I — may I quote Senator John McCain, whom I interviewed this week when he met the Israeli ambassador? And he said, “What would we do, Americans, if Arizona was attacked?” And let me elaborate what would have happened if two U.S. Border Patrol, instead of looking for immigrants, were abducted by Mexico, or San Diego being hit by rockets from Tijuana? What would be the cause? How would the U.S. defend itself when it was attacked? We all remember, there is no need for that.
Now I think most of the people, he understands that Israel didn’t provoke this time.
KURTZ: Right. But there is clearly a question about whether there’s been a disproportionate response.
DECKEL: What is a proportionate response? Abducting two Hezbollah people? That would be a proportional response?
MELHEM: This whole comparison between Canada and Mexico and America doesn’t hold water; it’s silly. There is a situation of peace between Canada and Mexico and America. There’s a situation of conflict between the Arabs and the Israelis.

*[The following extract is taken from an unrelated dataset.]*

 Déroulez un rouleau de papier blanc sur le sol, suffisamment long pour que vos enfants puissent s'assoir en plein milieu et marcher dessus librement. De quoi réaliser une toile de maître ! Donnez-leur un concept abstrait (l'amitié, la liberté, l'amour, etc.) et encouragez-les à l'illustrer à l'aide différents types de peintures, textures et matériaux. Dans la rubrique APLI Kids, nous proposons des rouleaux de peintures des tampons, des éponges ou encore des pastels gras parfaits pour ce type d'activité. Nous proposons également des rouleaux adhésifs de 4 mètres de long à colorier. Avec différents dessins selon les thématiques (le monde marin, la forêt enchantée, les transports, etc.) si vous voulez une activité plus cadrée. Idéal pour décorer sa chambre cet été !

People think that this began only a few weeks ago. It’s more complex than that.
MELHEM: The American media is supportive of Israel in general, especially on television. Now in print, the reporters who are working on the field, especially in print, are doing a very good job. Nobody can come close to Anthony Shadid in the Washington Post. He’s a brilliant guy who really gives you the whole tragic situation in Lebanon.
KURTZ: All right. This is a conversation that will continue. We appreciate your being here this morning. Yaron Deckel, Hisham Melhem, thanks very much for joining us.